- Task to complete -
Verbatim copy without images: return all of the data as it stands.

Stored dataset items
◇ ◇ ◇ ◇

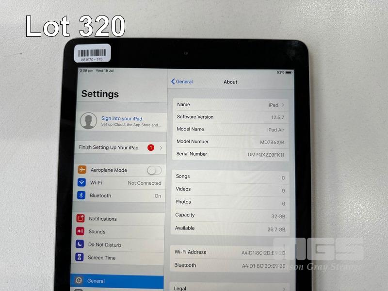 APPLE iPAD AIR, 32GB, Wi-Fi, SPACE GREY, MODEL A1474, MD786X/B (NO CABLE, NO CHARGER) S/N:DMPQX2Z0FK11
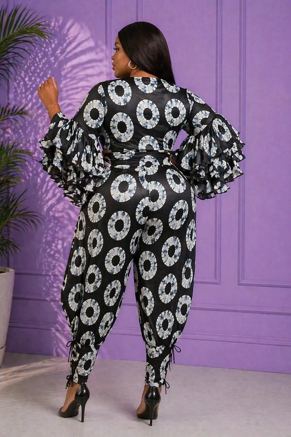 The top is designed as a functional wrap, featuring a deep V-neckline and tiered ruffle sleeves that provide a beautiful sense of movement and volume. This wrap closure allows you to adjust the fit perfectly to your waist, ensuring a secure and personalized feel. Complementing the top are the high-waisted balloon-style trousers, which feature a wide smocked waistband for maximum comfort and a unique lace-up detail at the ankles. These adjustable ankle ties allow you to control the volume of the leg, making it easy to style with both strappy heels and pointed pumps.
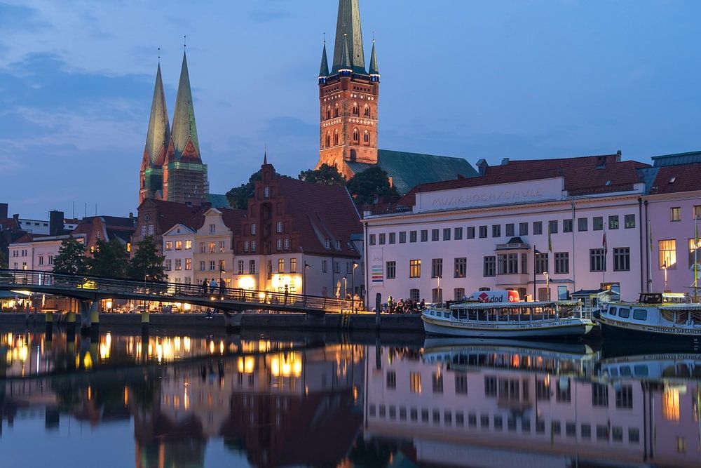 Old town and river Trave at dusk, Lübeck, Schleswig-Holstein, Germany | old town and river Trave at dusk, Lübeck, Schleswig-Holstein, Germany
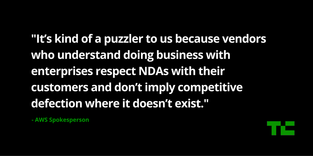 Update: Amazon has now provided us with the following statement, which seems to imply that the company believes Google leaked the information and that Apple is still an AWS customer: “It’s kind of a puzzler to us because vendors who understand doing business with enterprises respect NDAs with their customers and don’t imply competitive defection where it doesn’t exist.”
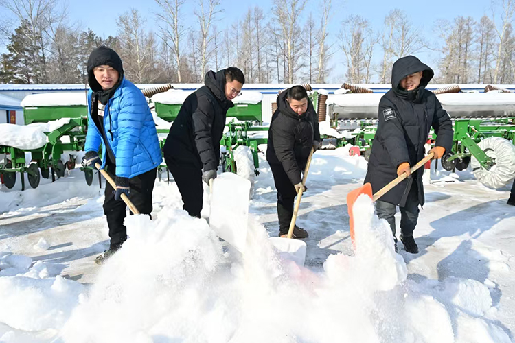 “眼下天氣逐漸回暖,為了避免氣溫上升造成積雪融化而形成冰層,影響后續(xù)工作,我們采取鏟車清雪、人工清邊的措施,確保將農(nóng)具場積雪徹底清理干凈,為農(nóng)機(jī)具檢修提供良好環(huán)境?!惫芾韰^(qū)工作人員說。
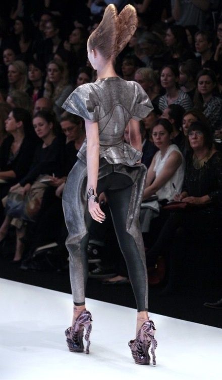 Plato’s Atlantis del 2010 è stato l’ultimo show di McQueen, visione di un mondo sottomarino come conseguenza del cambiamento climatico, ambiente di un laboratorio di ricerca: le modelle si trasformano in esseri ibridi alieni, il trucco diventa protesico e ai piedi indossano le sorprendenti calzature armadillo.
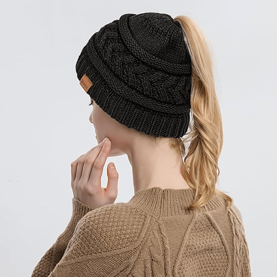 Ponytail Beanie For Winter Warmth Without Ruining Your Hairstyle Beige
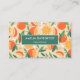 Business cards with a retro vibe. A pattern composed of sliced oranges, whole oranges, green leaves and white blossoms.
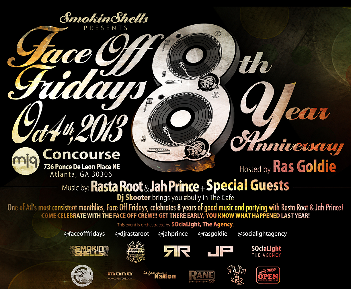 Face Off Fridays at MJQ Concourse in Atlanta is celebrating it’s 8th year anniversary. The monthly party has featured hundreds of special guests from recording artists, celebrities, athletes, & more all in the name of good music. The most important element to Face Off Friday’s is the Face Off team, the music, & the overall party itself. Tonight will be no different in Atlanta with many surprise guests scheduled to arrive. JAYFORCE.COM is a proud sponsor of tonight’s party but for now make sure you check out this special mix by DJ Rasta Root to get you right for tonight.
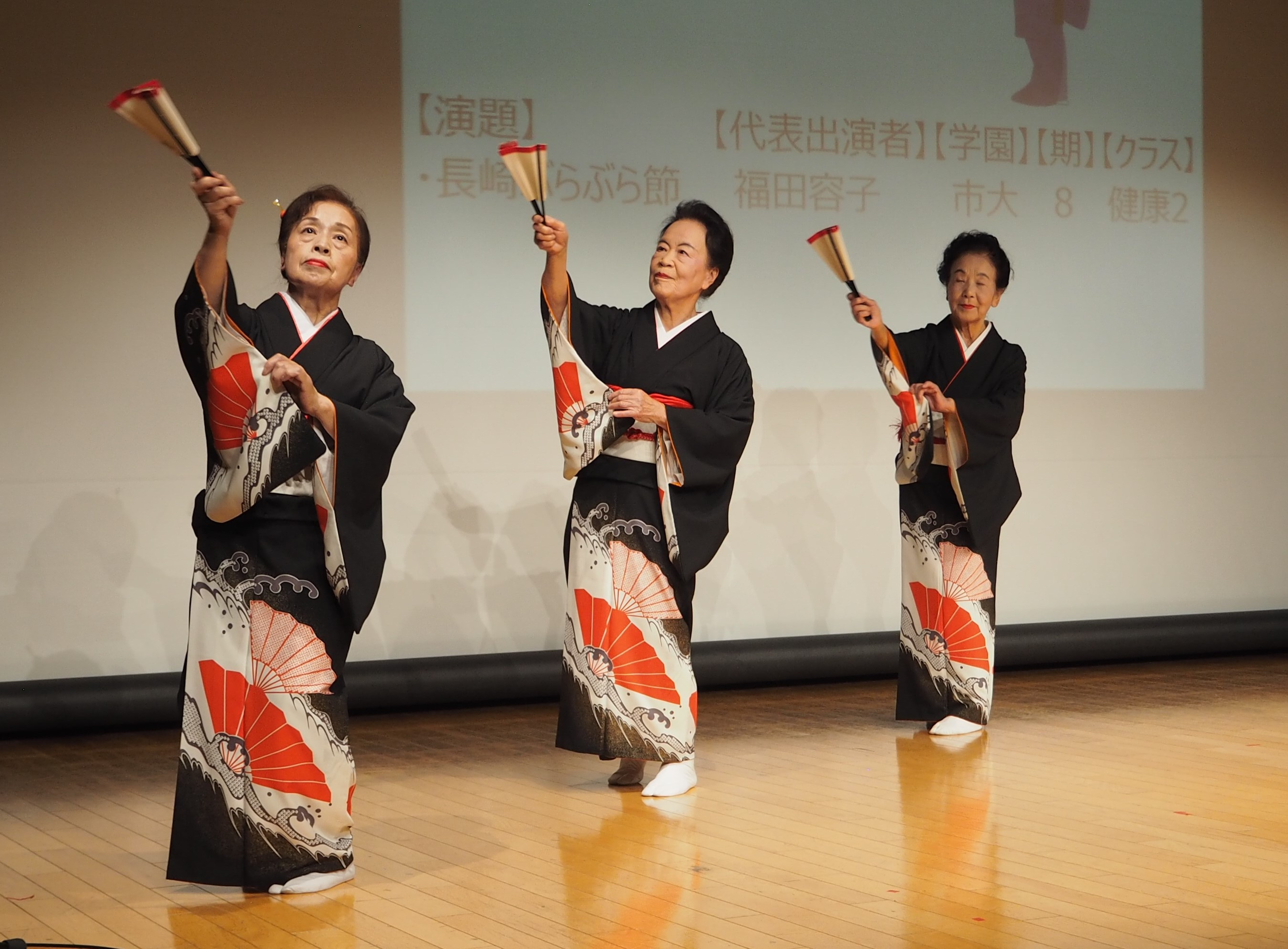 11月20日(月)船橋市きららホールで第33回いきいき同窓会芸能大会を開催しました。同ホールでの開催は今回初めて。プロジェクターを使って演目を紹介するなど演出も工夫。来場者・出演者併せて約240名が参加、同窓会会員の日頃の練習の成果を大いに楽しみました。

◇ ◇ ◇ ◇

- Result of the task -
 APPLE iPAD AIR, 32GB, Wi-Fi, SPACE GREY, MODEL A1474, MD786X/B (NO CABLE, NO CHARGER) S/N:DMPQX2Z0FK11
 The top is designed as a functional wrap, featuring a deep V-neckline and tiered ruffle sleeves that provide a beautiful sense of movement and volume. This wrap closure allows you to adjust the fit perfectly to your waist, ensuring a secure and personalized feel. Complementing the top are the high-waisted balloon-style trousers, which feature a wide smocked waistband for maximum comfort and a unique lace-up detail at the ankles. These adjustable ankle ties allow you to control the volume of the leg, making it easy to style with both strappy heels and pointed pumps.
 Old town and river Trave at dusk, Lübeck, Schleswig-Holstein, Germany | old town and river Trave at dusk, Lübeck, Schleswig-Holstein, Germany
 Update: Amazon has now provided us with the following statement, which seems to imply that the company believes Google leaked the information and that Apple is still an AWS customer: “It’s kind of a puzzler to us because vendors who understand doing business with enterprises respect NDAs with their customers and don’t imply competitive defection where it doesn’t exist.”
 “眼下天氣逐漸回暖,為了避免氣溫上升造成積雪融化而形成冰層,影響后續(xù)工作,我們采取鏟車清雪、人工清邊的措施,確保將農(nóng)具場積雪徹底清理干凈,為農(nóng)機(jī)具檢修提供良好環(huán)境?!惫芾韰^(qū)工作人員說。
 Plato’s Atlantis del 2010 è stato l’ultimo show di McQueen, visione di un mondo sottomarino come conseguenza del cambiamento climatico, ambiente di un laboratorio di ricerca: le modelle si trasformano in esseri ibridi alieni, il trucco diventa protesico e ai piedi indossano le sorprendenti calzature armadillo.
 Ponytail Beanie For Winter Warmth Without Ruining Your Hairstyle Beige
 Business cards with a retro vibe. A pattern composed of sliced oranges, whole oranges, green leaves and white blossoms.
 Face Off Fridays at MJQ Concourse in Atlanta is celebrating it’s 8th year anniversary. The monthly party has featured hundreds of special guests from recording artists, celebrities, athletes, & more all in the name of good music. The most important element to Face Off Friday’s is the Face Off team, the music, & the overall party itself. Tonight will be no different in Atlanta with many surprise guests scheduled to arrive. JAYFORCE.COM is a proud sponsor of tonight’s party but for now make sure you check out this special mix by DJ Rasta Root to get you right for tonight.
 11月20日(月)船橋市きららホールで第33回いきいき同窓会芸能大会を開催しました。同ホールでの開催は今回初めて。プロジェクターを使って演目を紹介するなど演出も工夫。来場者・出演者併せて約240名が参加、同窓会会員の日頃の練習の成果を大いに楽しみました。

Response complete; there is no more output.